2

I'm trying to find evidence of use of the associated data (authenticated cleartext associated with the encrypted and authenticated data) feature offered by AEAD (Authenticated Encryption with Associated Data) construction in a real world protocol. My current understanding is that neither TLS nor SSH (secsh) make use of it, which makes sense as the protocols can also work with cipher suites not offering the feature, and only use the authenticated encryption part of AEAD.

I was unable to find any other candidate, but that may well be a me problem.

Has anyone seen use of associated data in the wild?

1
  • 1
    The double-ratchet algorithm (used in the Signal protocol) passes state information as the associated data to the AEAD cipher used to encrypt the messages.
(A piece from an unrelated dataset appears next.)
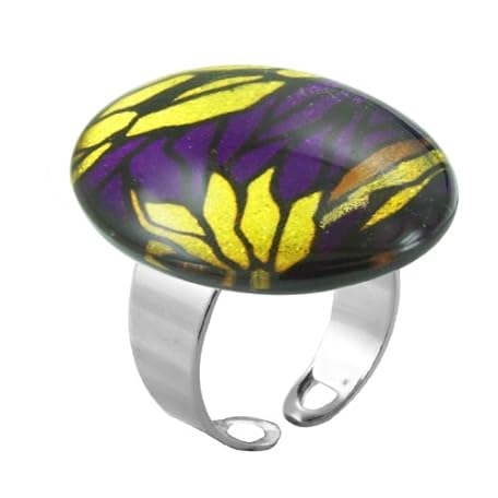 CHICNET Chic-Net Women's Glass Ring Hand-Painted Glass Rings Stainless Steel Adjustable Oval Flowers Purple Yellow, Glass, Glass

See signal.org/docs/specifications/doubleratchet for more info.
    – mti2935
    Apr 29, 2022 at 14:42

2 Answers 2

1

I've designed a system or two that used AEAD. I borrowed it as good practice from smarter crypto guys than me.

For instance, it's very useful to tie cipher text in a key:value datastore to it's key through AEAD so the system can detect if that cipher text was borrowed from elsewhere. As an attack vector, an attacker knows the value of one key and wants another key to be that value.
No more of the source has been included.